Intercontinental and Harvest will gradually continue renovation at the mostly leased building, which is 91% occupied by a mix of tech, media and banking tenants that includes Swedish tech company Hexagone, the logistics company Clearmetal and Bank of Guam. 

Intercontinental's interest in the Bay Area will likely persist across  property types, Logue said. The company partnered with Harvest in 2016 in the purchase of 60 South Market, a 234K SF Class-A office tower in downtown San Jose. Its partnership (The Key at 12th) with San Francisco-based developer Ellis Partners has already paid dividends as it heads to a 2020 opening: In April, Credit Karma pre-leased 106K SF of the Oakland tower at 1100 Broadway.

The Boston-based company's acquisition of 400 Montgomery is a bet that tenant demand for FiDi space will remain red-hot.
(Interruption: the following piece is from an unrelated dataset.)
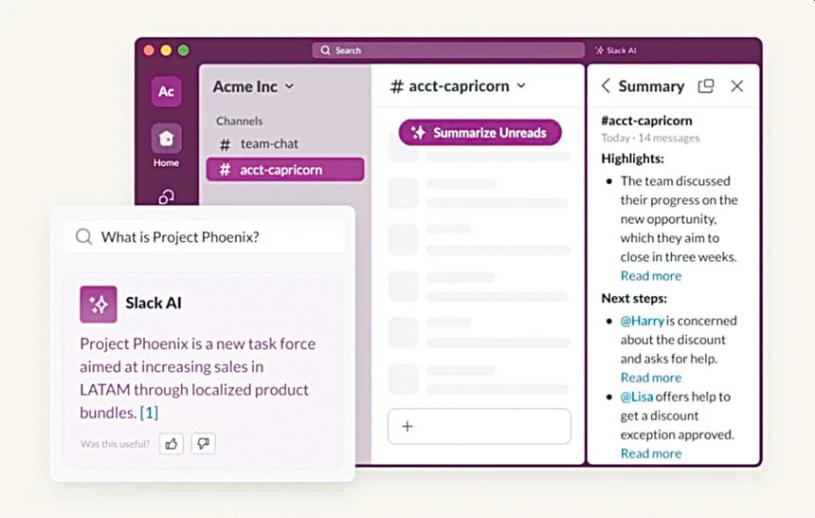 雲端即時通訊軟件公司Slack去年測試一款生成式人工智能(generative AI)工具集,大部份功能有助用戶在使用該工作通訊平台時更為簡便高效。這套工具集如今正式推出。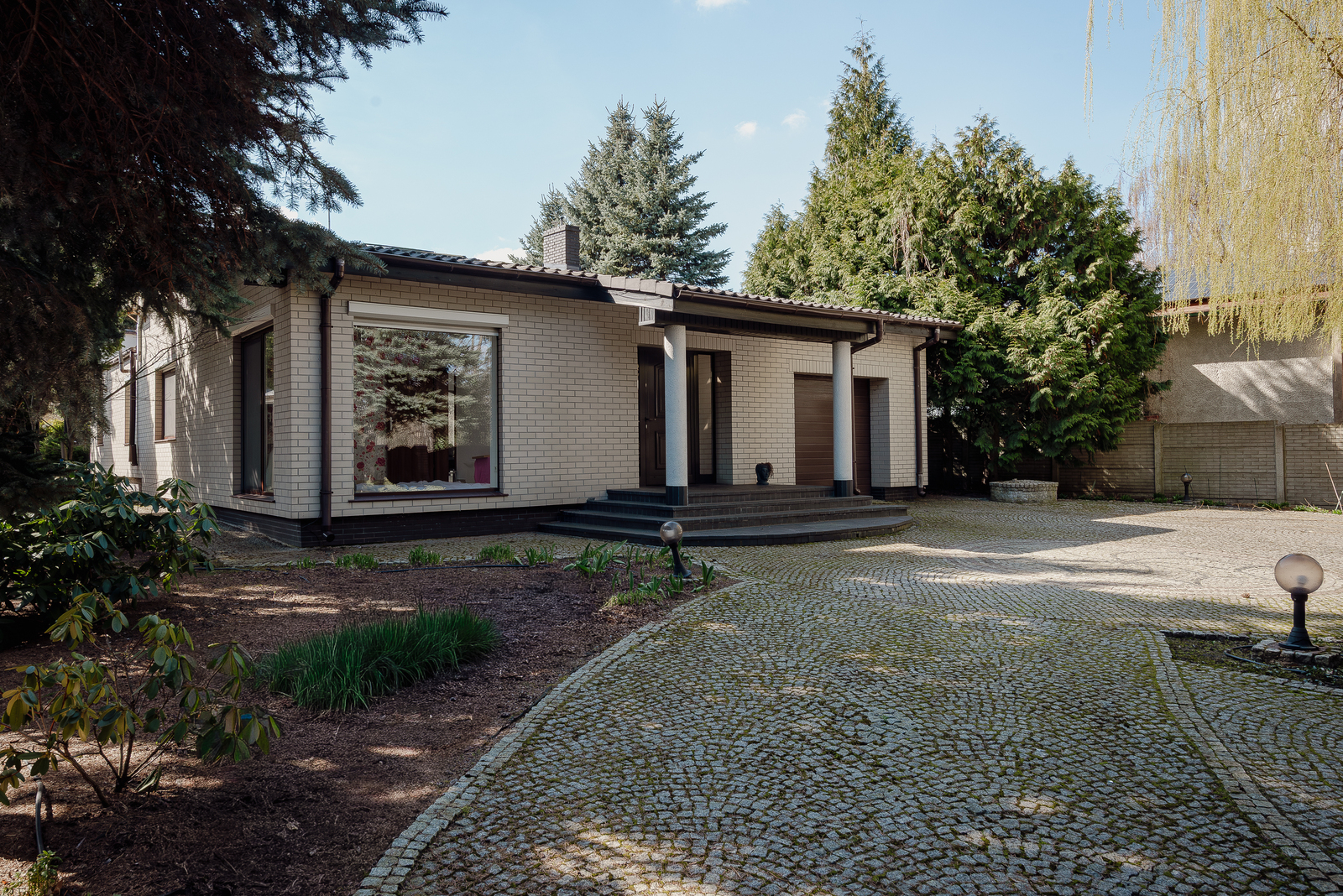 Na uwagę zasługuje również elegancki podjazd z kostki, który podkreśla reprezentacyjny charakter nieruchomości.

Average asking rents for Class-A office space in the district topped $95 per SF in Q2, according to Colliers International

"Combining the historic character of the building with the modern and creative renovated interiors presents a unique combination that will appeal to tenants," Logue said.

Harvest is an Oakland-based developer working primarily through joint ventures across Northern California, like its redevelopment of a 540K SF Sunnyvale office space with Invesco

JLL’s Hanson, Rob Hielscher, Michel Seifer, Cheri Pierce, Kristina Wollan and Michael Manas served as exclusive advisers on the acquisition and recapitalization.